(ENTRIES SUPPLIED begins)
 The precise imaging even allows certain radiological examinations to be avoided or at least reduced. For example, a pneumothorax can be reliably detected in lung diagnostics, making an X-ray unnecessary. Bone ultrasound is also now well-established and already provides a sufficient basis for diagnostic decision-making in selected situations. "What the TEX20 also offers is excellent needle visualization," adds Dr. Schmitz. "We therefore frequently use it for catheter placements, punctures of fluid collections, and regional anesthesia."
(ENTRIES SUPPLIED ends)
(ENTRIES SUPPLIED begins)
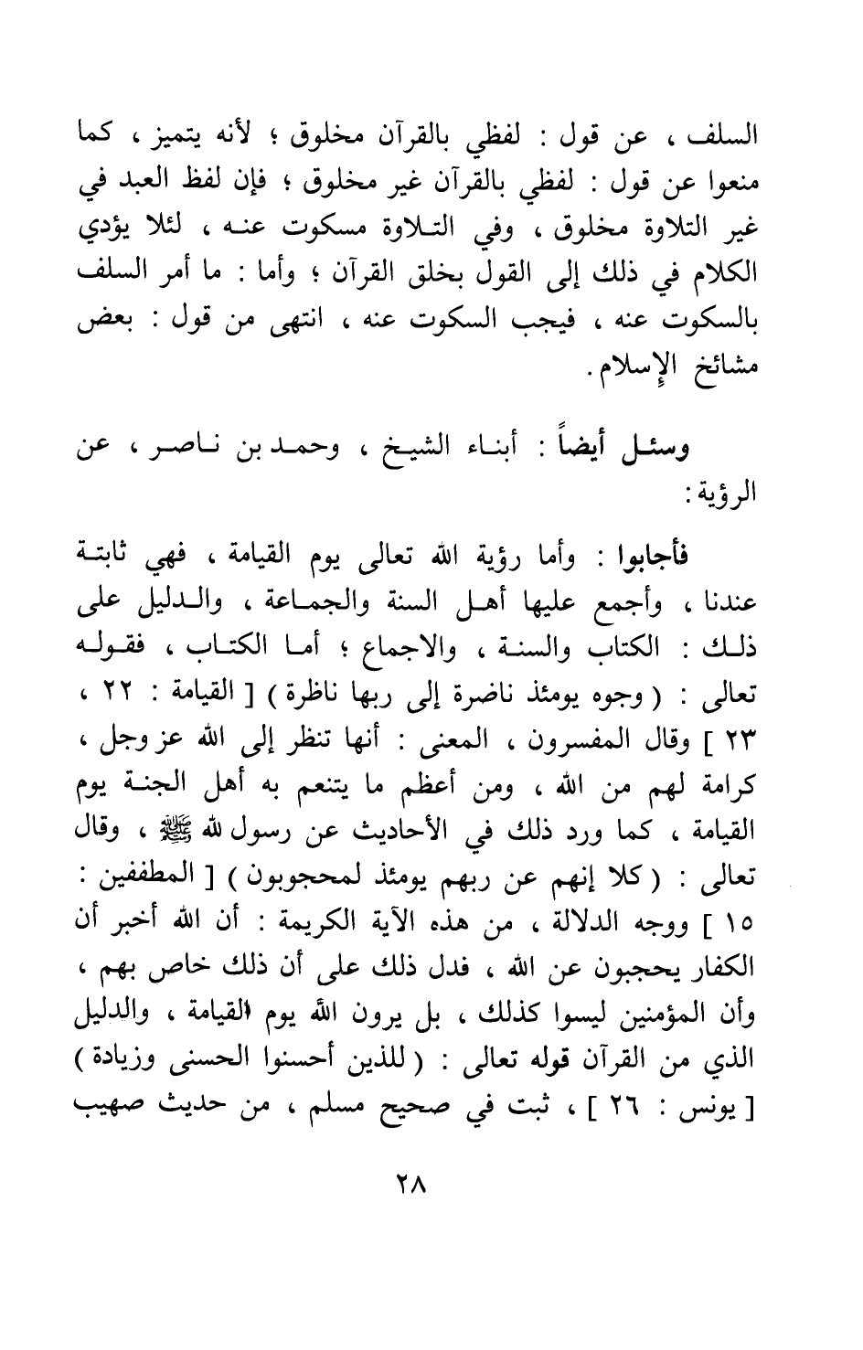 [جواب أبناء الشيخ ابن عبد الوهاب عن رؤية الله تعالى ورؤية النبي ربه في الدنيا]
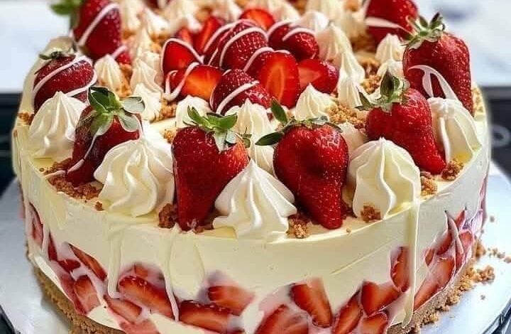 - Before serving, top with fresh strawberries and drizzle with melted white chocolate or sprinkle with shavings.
(ENTRIES SUPPLIED ends)
EXERCISE INSTRUCTIONS: Of all the material above, only the lines from the one that has "[جواب أبناء الشيخ" down to the one that has "- Before serving, top" are to be written out, exactly and with both ends included. Pictures are skipped.

OUTPUT BELOW:
 [جواب أبناء الشيخ ابن عبد الوهاب عن رؤية الله تعالى ورؤية النبي ربه في الدنيا]
 - Before serving, top with fresh strawberries and drizzle with melted white chocolate or sprinkle with shavings.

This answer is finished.